The judge prompt also includes explicit instructions to tolerate stale service limits. AWS changes quotas regularly, and a model trained six months ago will cite different numbers. The judge evaluates conceptual understanding, not whether the model memorized the latest quota update.
Objective Accuracy vs. Overall Accuracy
I track two accuracy metrics. Overall accuracy counts all three question types. Objective accuracy counts only factual and multiple choice questions, excluding open-ended results.
This distinction exists because open-ended scoring depends on the judge model. If the judge prompt is too strict, open-ended scores drop. If it is too lenient, they inflate. Objective accuracy gives a judge-independent measure of model knowledge. The two metrics tell different stories: objective accuracy clustered tightly (94.3% to 97.7%) while overall accuracy ranged from 87.7% to 97.2%.
The Training Data Staleness Problem
The most operationally significant finding from this benchmark has nothing to do with model rankings. AWS changes service limits, renames features, and updates quotas on a regular cadence. Models trained on data from six to twelve months ago will confidently state outdated values.
Specific Examples
| Question | Current Answer | Legacy Answer | Models Affected |
|---|---|---|---|
| ElastiCache max shards | 500 | 90 | Mercury 2 |
| Fargate max vCPU | 16 vCPU | 4 vCPU | Haiku 4.5, Mercury 2 |
| Aurora max storage | 128 TiB | 64 TiB | (unit alias issue) |
| SNS max subscriptions per topic | 12.5 million | 10 million | Mercury 2 |
| Secrets Manager min rotation | 4 hours | 1 day / 30 days | All four models |
| Glacier Deep Archive retrieval | 12 hours | 48 hours | Mercury 2 |
The Secrets Manager result stands out. Every model tested, including Sonnet 4.5, cited an outdated minimum rotation interval. AWS updated this from 1 day to 4 hours, and none of the models had incorporated the change. This is a genuine risk for teams using LLMs for security architecture reviews. An AI assistant recommending a 1-day rotation schedule for database credentials would be following outdated guidance.
Legacy Answer Tracking
Rather than penalizing models for stale training data, I implemented a "legacy answer" system.
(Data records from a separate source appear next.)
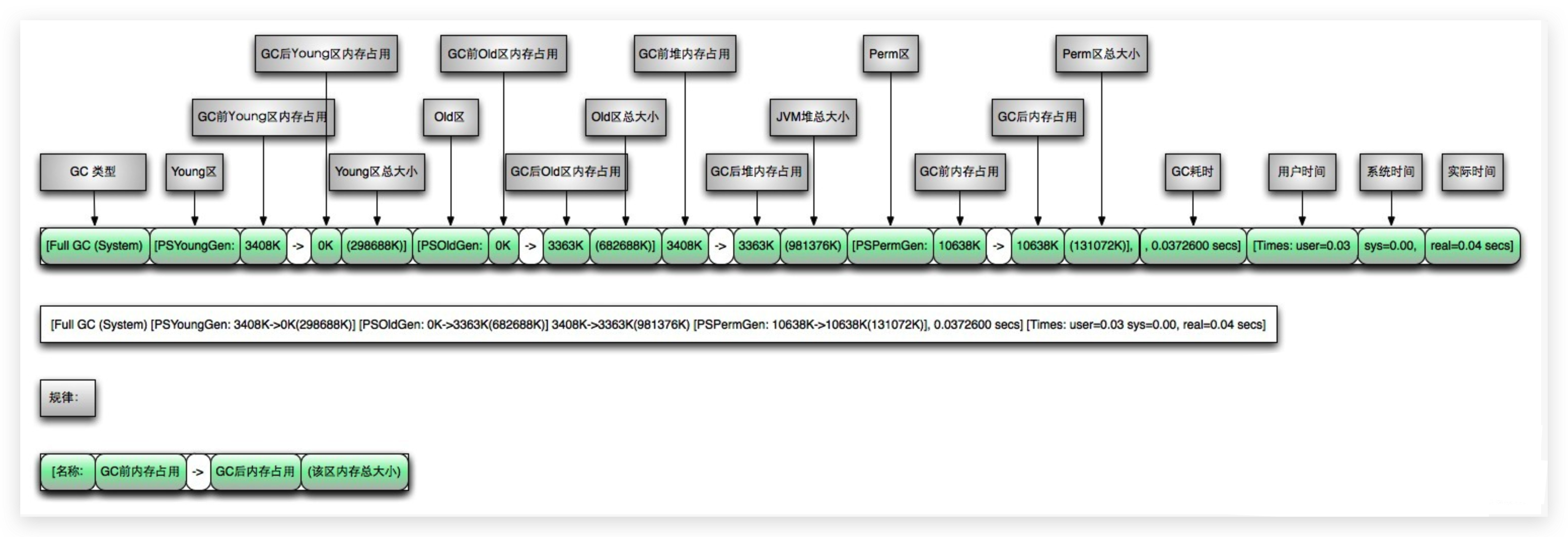[GC和[Full GC说明了这次垃圾收集器的类型,如果有”Full”则说明GC发生了”Stop The World”如果使用Serial收集器在新生代的名字是Default New Generation,显示的是”[DefNew”
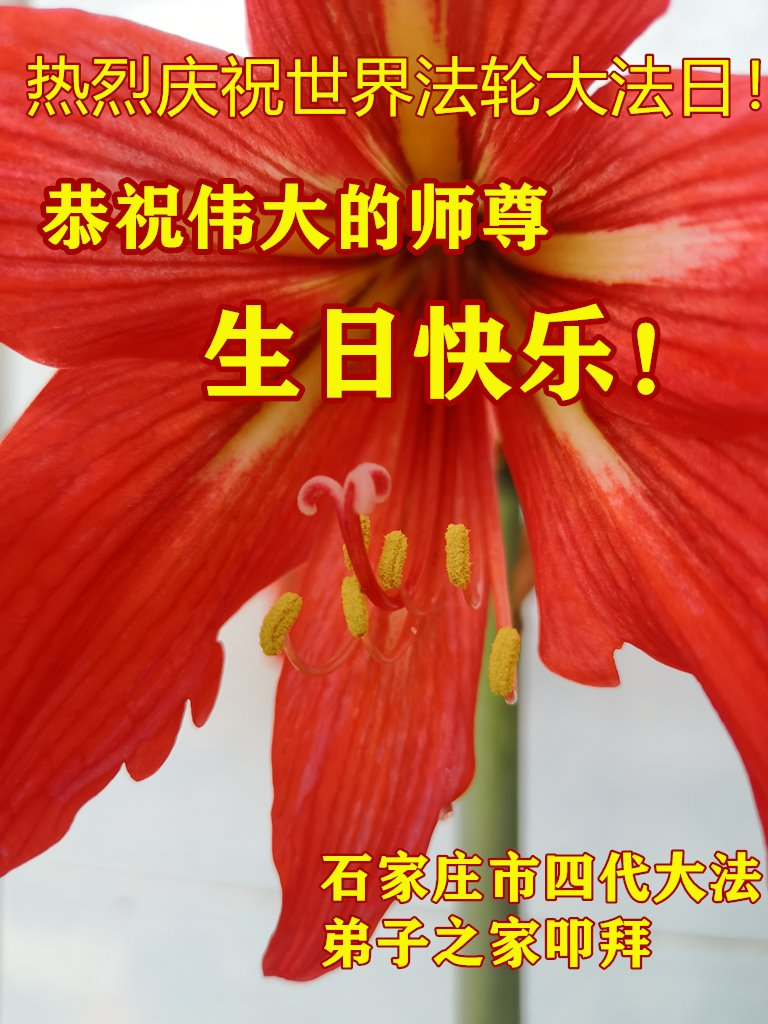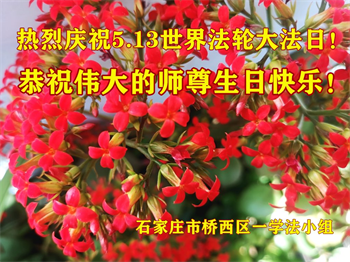 石家庄大法弟子恭祝慈悲伟大的师尊生日快乐!恭贺世界法轮大法日! 河北省石家庄四代大法弟子之家热烈庆贺5.13世界法轮大法日!恭祝师尊生日快乐!
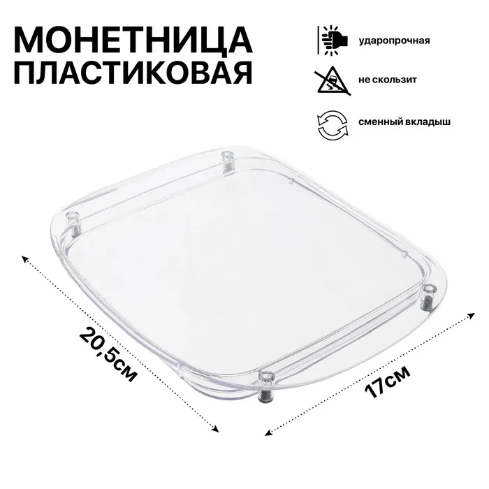 Монетница пластиковая OPTIMA, 17×20.5×1.5, прозрачная — Характеристики
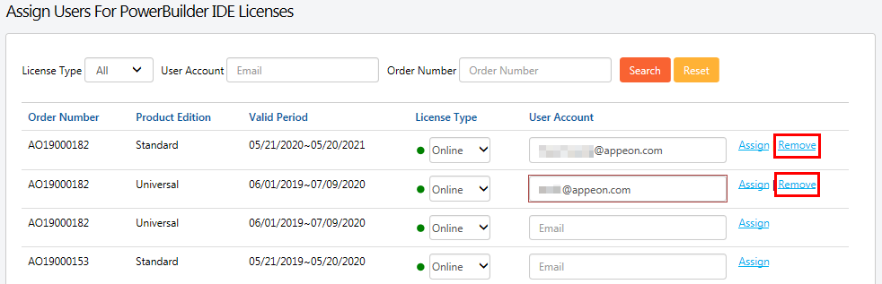 User accounts should be created first on the Appeon website and then licenses should be assigned to user accounts before the user can activate the product using the account. And the license administrator can neither assign one license to multiple user accounts nor assign multiple licenses to one user account within a given valid period.
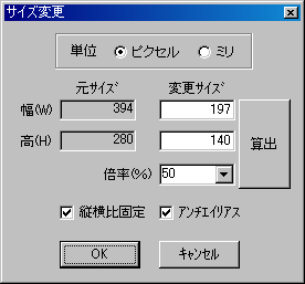 ![]() 変更サイズを指定するか、 倍率を選択・手入力して 「OK」をクリック |
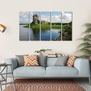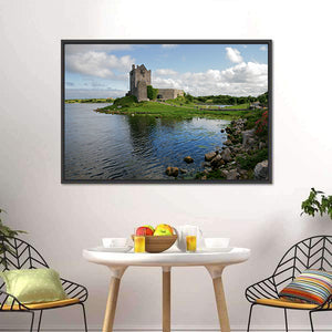 This artwork captures Dunguaire Castle set against a serene backdrop of a tranquil lake and sky. The calming palette of blues, greens, and grays creates a picturesque atmosphere ideal for any wall.

Each factual question can carry a list of previously correct answers alongside current acceptable answers. When a model matches a legacy answer, it scores as correct but gets flagged with a [LEGACY] tag. This separates "the model knows the concept but has outdated data" from "the model does not know the answer."
For the open-ended judge, I added a legacy_notes field with instructions telling Opus 4.6 to not penalize responses that cite older service limits. Cloud infrastructure changes faster than training data updates. Punishing models for this creates a benchmark that measures training recency rather than knowledge depth.
Results
Overall Performance
| Model | Overall | Objective (F+MC) | Factual | Multiple Choice | Open-ended | Legacy Answers |
|---|---|---|---|---|---|---|
| Claude Sonnet 4.5 | 97.2% | 96.6% | 95.1% | 97.8% | 100.0% | 1 |
| Mercury 2 | 92.5% | 96.6% | 92.7% | 100.0% | 73.7% | 2 |
| Claude Sonnet 4 | 88.7% | 97.7% | 97.6% | 97.8% | 47.4% | 1 |
| Claude Haiku 4.5 | 87.7% | 94.3% | 95.1% | 93.5% | 57.9% | 2 |
Three things jump out immediately.
First, objective accuracy clusters tightly. All four models scored between 94.3% and 97.7% on factual plus multiple choice questions. On pure factual recall and conceptual understanding of AWS services, these models are separated by less than 4 percentage points. The raw knowledge is there.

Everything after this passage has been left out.